Projeto de lei quer restringir o consumo de carnes em geral em unidades municipais
Para muita gente, é impossível imaginar uma refeição, seja almoço ou jantar, sem um item: a carne. Seja a bovina, de frango ou peixe, é indispensável para grande parte dos brasileiros. Porém, um projeto do vereador santista Benedito Furtado (PSB) apresentado na Câmara na última semana promete inserir uma discussão sobre o tema.
O Projeto de Lei 007/2015 pretende instaurar a Segunda sem Carne nos refeitórios de órgãos públicos municipais, exceto unidades de saúde. Seria proibido o fornecimento de carnes em geral e seus derivados nas Unidades Municipais de Ensino e equipamentos como o Bom Prato. A iniciativa será avaliada nas comissões internas da Câmara e, caso seja aprovada, será votada em plenário.
Segundo o autor do projeto, o objetivo é abrir debates sobre o tema e incluir na pauta de discussão da sociedade a importância de uma alimentação regrada e saudável. “Todo mundo sabe que as pessoas precisam de verduras e legumes, mas carne todo dia não é necessário. A carne vermelha, por exemplo, é nociva à saúde. Queremos educar as crianças e mostrá-las que é possível achar alternativas saudáveis para a alimentação”.

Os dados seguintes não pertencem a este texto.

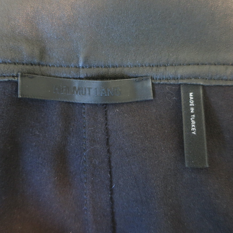 Helmut Lang Leather-Trim Top Black Viscose Size Small Long Sleeve Blouse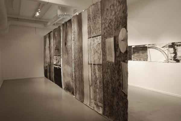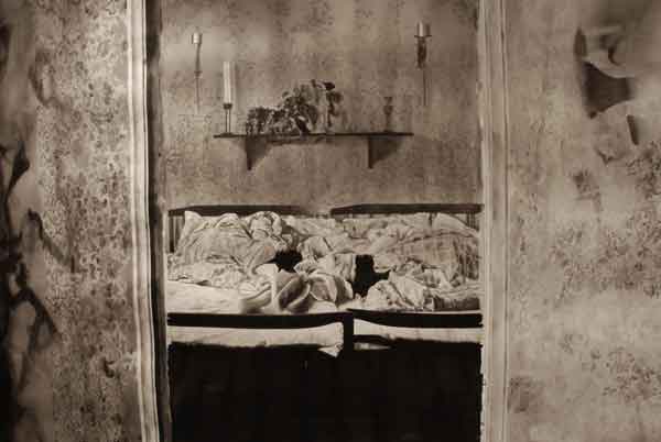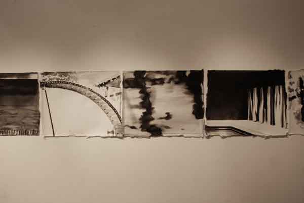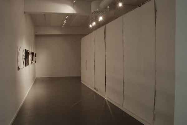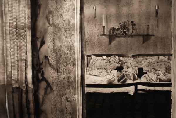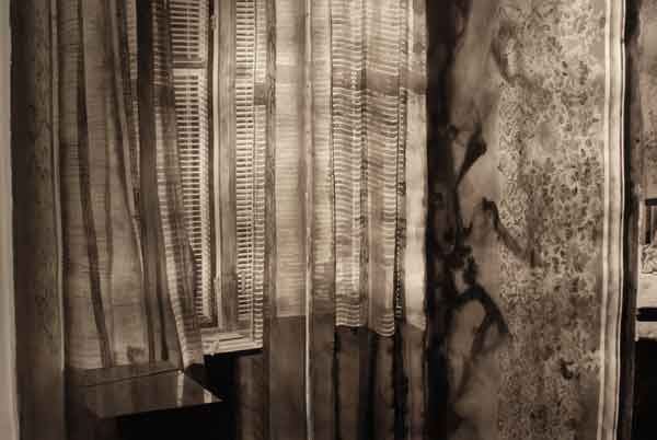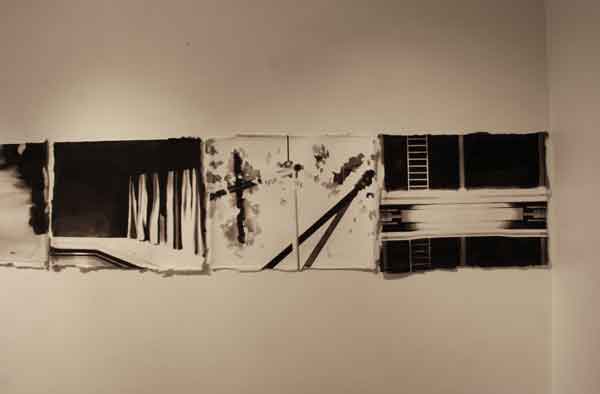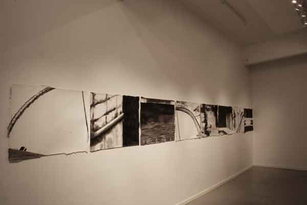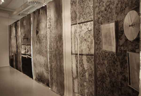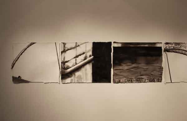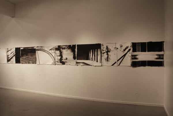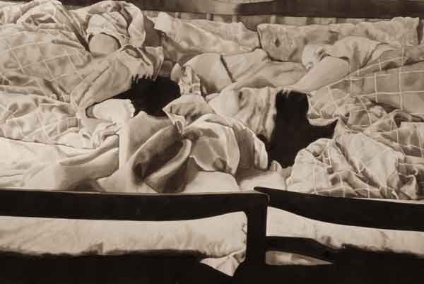 Målningarna bildar tillsammans en vägg som skär genom utställningsrummet, en papperskuliss som skjutits in och vars akvarelltejp skrapar mot golvet. Men framsidan vänder sig från betraktaren och passagen mellan rummets vägg och målningarnas motiv tillåter inte betraktaren att kliva tillbaka och få en överblick. Istället öppnar verket för ett betraktande där enskilda avsnitt avtäcks, interiörer som tar form eller löses upp. Skarvarna mellan målningarna är på samma gång skarpa och överlappande. Ett rum öppnar sig mot ett annat, blicken lämnar skarven och träffar paret i sängen. En sovrumsinteriör och två kroppar under täcken väntar. Kanske sover de, kanske är det en drömlös sömn där ingen skillnad mellan minne och glömska råder?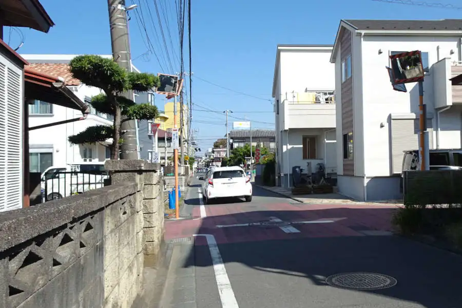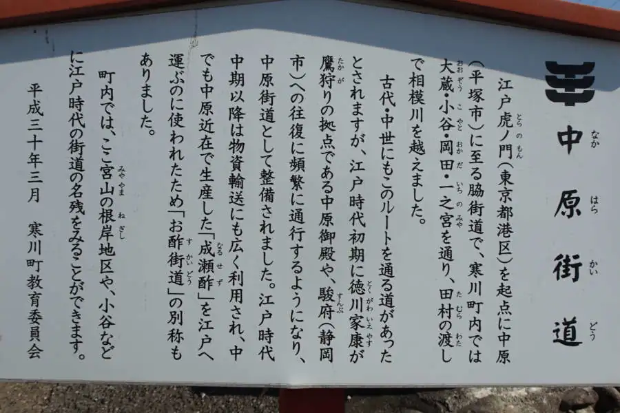 住宅地の中に続く旧街道は墓地の傍から細い右手の道へ、途中には中原街道の案内板がありました。中原街道は江戸時代の初期に整備され、徳川家康の鷹狩の拠点である中原御殿や駿府への往来に利用されるようになりました。江戸中期以降は物資の輸送にも広く利用され、中原付近で生産した「成瀬酢」を運ぶためにも使われ「お酢街道」と呼ばれていたと紹介されていました。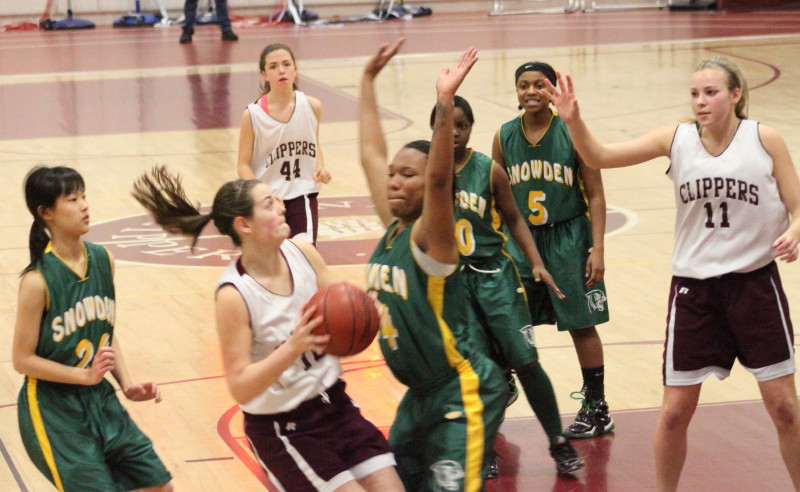 Jovanna Sandifer (6 points) scored the most for Snowden. She was a very fancy dribbler but at 5-4 got into trouble when she got close to the basket and nearer to Newburyport’s taller defenders.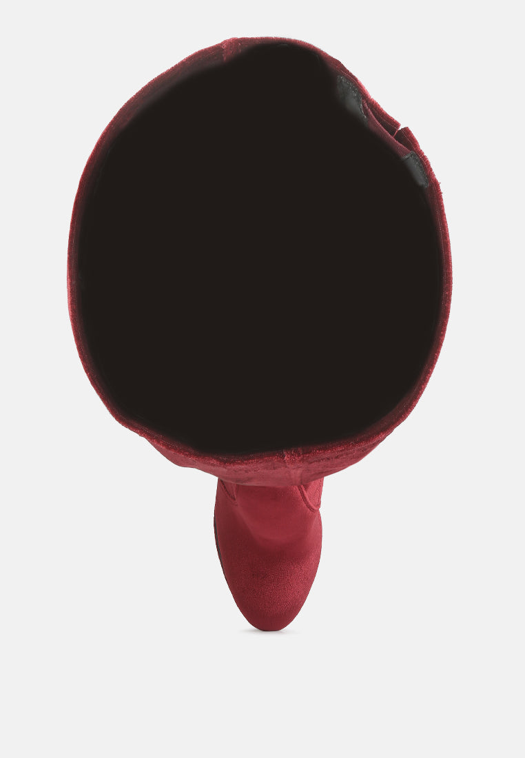Keeps you winter ready with dose of oomph: the stiletto heeled long boot further accentuated by high platform is a killer fall boot made with cut pile velvet as outer. It has side zipper which makes it easy to wear. Comes with harness bands on the ankle which have metallic pin buckle details.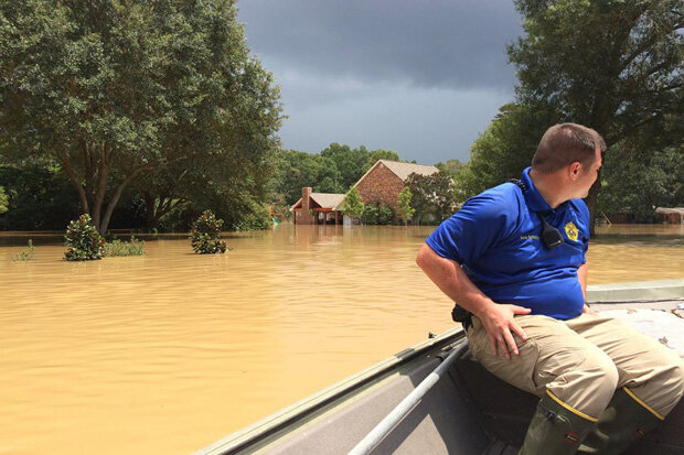 A Livingston Parish Deputy Sheriff surveys flood damage from a boat on August 15, 2016. Image courtesy the Rapides County Sheriff's Office.

Reconhecido por sua luta na área de proteção à vida animal, Furtado ressalta que, ao diminuir o consumo de carne, o ser humano também auxilia o meio ambiente, principalmente no momento de poucas chuvas e seca nos reservatórios. Na justificativa que apresentou junto ao projeto de lei, ressaltou que é preciso abordar “o consumo exagerado de carne animal”. Citou ainda que, de acordo com a ONU, 70% da água do mundo é utilizada na agricultura e, no Brasil, este número chega a 72%.
Alternativas
Antes de apresentar a lei, o vereador fez uma indicação à Prefeitura, pedindo para que a Administração levasse em conta a campanha e restringisse, pelo menos um dia da semana, o consumo de carne nas unidades municipais de ensino e outros equipamentos.
“As nutricionistas da Secretaria de Educação, por exemplo, disseram que não era possível fazer um cardápio equilibrado sem carne. Como isso? Há ovos, leite, queijo e outros alimentos que suprem a necessidade da proteína que está nas carnes”, argumenta.
“Santos tem condições de se adaptar a essa questão. Estamos em uma cidade avançada, que é pioneira em diversas questões e pode ser nesta. Esta é uma questão de qualidade de vida e de educação das pessoas”, continua Furtado, salientando que, de acordo com o andamento do projeto, realizará audiências públicas para ouvir nutricionistas, pais e outros especialistas e interessados.
“Se esta não for uma vontade da sociedade, neste momento, não há problemas. Mas acho importante refletirmos sobre isso, sair do discurso e partirmos para a prática”, afirma
Resposta
A Secretaria de Educação informou que “acha a ideia do projeto interessante” e que, inclusive, “já é colocada em prática pela equipe de nutricionistas da Merenda Escolar, incluindo ovo toda a semana no cardápio”. Nos cardápios de período parcial (alunos que recebem 2 refeições/dia na escola), já é oferecida, em duas segundas-feiras do mês, refeição sem o fornecimento de carne vermelha, frango ou peixe. O cardápio é composto de arroz, feijão, salada, legumes cozidos e uma preparação à base de ovo. “Porém, nas escolas de período integral, a Seduc não coloca em prática a Segunda sem carne, para não servir preparação à base de ovo no almoço e no jantar”, diz a nota.